Cuento: Abañilería

Por Jesús Chávez Marín

Como le iba diciendo, amigo, yo a Venancio lo contraté para que me construyera la recámara de atrás, no para que se pusiera a enamorar a mi señora.

―¿Y por qué me cuenta eso, Benito? A mí no me gustan los chismes.

―Este no es un chisme, Fidencio, escúcheme, esto no es un chisme, es una vil traición. Y necesitaba contárselo a alguien porque si no voy a reventar, me dio mucho coraje.

―Pues a mí no me cuente nada, le digo que no me interesa. Además, soy bien comunicativo, ya me conoce. Al rato va a andar usted en boca de todo el barrio.

―Pues no me importa. Enedina fabricó una noche infiel en mi morada, como dice la canción de José José.

―Usted siempre sale con sus frivolidades, Benito. A mí platíqueme de cosas serias, no de amoríos ni de cuernos. No mame.

―Cómo será usted indiferente, Fidencio, ¿qué de plano le importa muy poquito mi dolor; ni siquiera quiere oírme?

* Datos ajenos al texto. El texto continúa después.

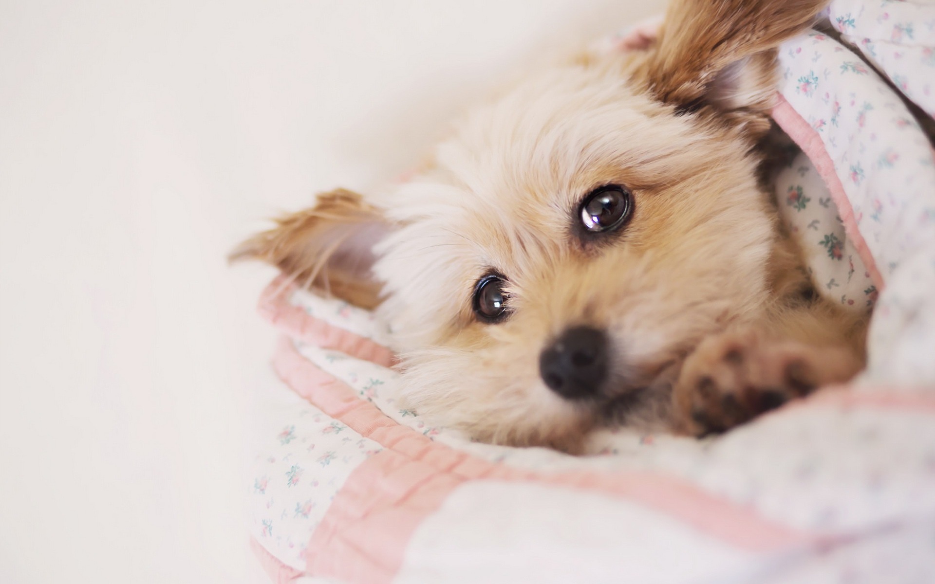 Description: A small dog laying on top of a bed under a blanket on top of a bed coverlet on a white floor.
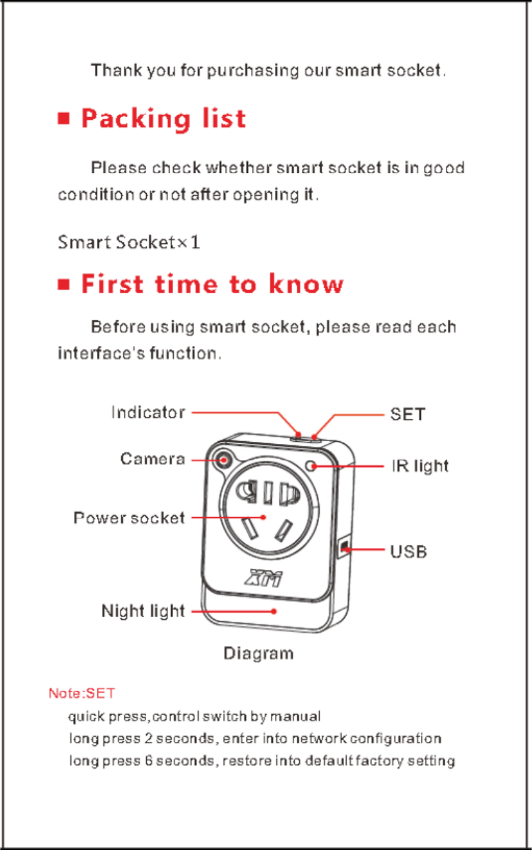 HangZhou XiongMai Technology XM-JPK1S Smart Socket User Manual User Maunalx
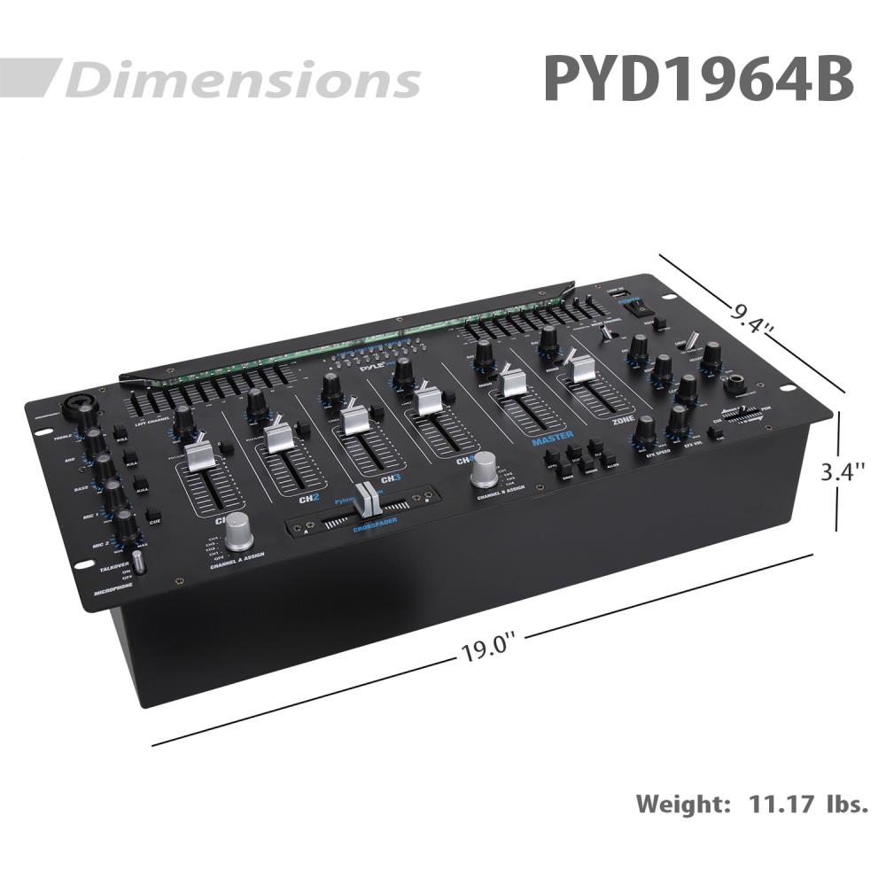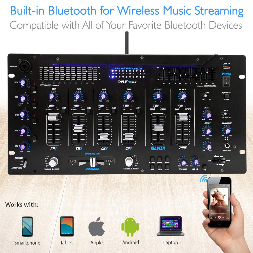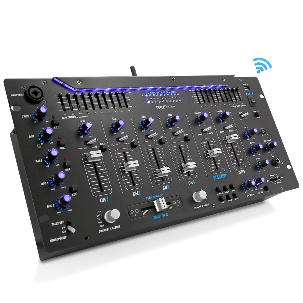 The Pyle PYD1964B with Bluetooth takes the professional DJ mixer to new heights with a groundbreaking combination of digital, Bluetooth and analog technologies. Bluetooth allows you to wirelessly transmit your entire MP3 library right into your mix from devices like your iPad, iPhone, Android Smart Phone or Tablet. Rock-solid construction, superb audio fidelity, high quality parts, and of course, reliability are the core ingredients of the design. Unique features provide Mobile and Club DJs tremendous flexibility and intuitive control. 2 phono, 8 line level and 2 microphone input signals with Bluetooth give you the freedom to move any source to any channel or even the same source to multiple channels for quick and easy remixing. Take full sound control with 10 Band graphic equalizer, echo, delay, repeat and added digital sound effects. Manipulate your voice with high, mid and bass mic adjustments, then use the KILL switch to cancel specific frequencies of your two microphone inputs for added special voice effects. Upgrade your system with the digital technology to take your DJ skills to the next level.
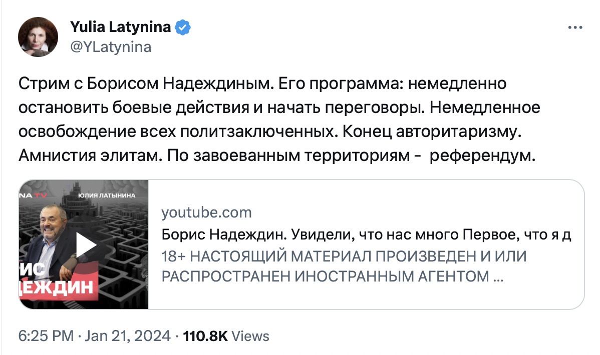 In his interview to Russian liberal imperialist Latynina Nadezhdin confirmed, that he wants to have a cease-fire, negotiations, and a "referendum" in Russia-occupied territories. This does not differ to Putin's position.

―Pero qué quiere que oiga, oiga, si viene y me platica canciones de José José; a mí hábleme de cómo anda el país, del madral de gente que se ha muerto de Coronavirus, de las selvas arrancadas de raíz, cosas importantes; no del amorío de su esposa con el albañil ese guapo que contrató, es que de veras, ¿cómo se le ocurre?

―Ya todo ha acabado para mí. Yo ya sin Enedina no soy nadie.

―Bueno, tampoco era gran cosa antes, si me permite decirlo.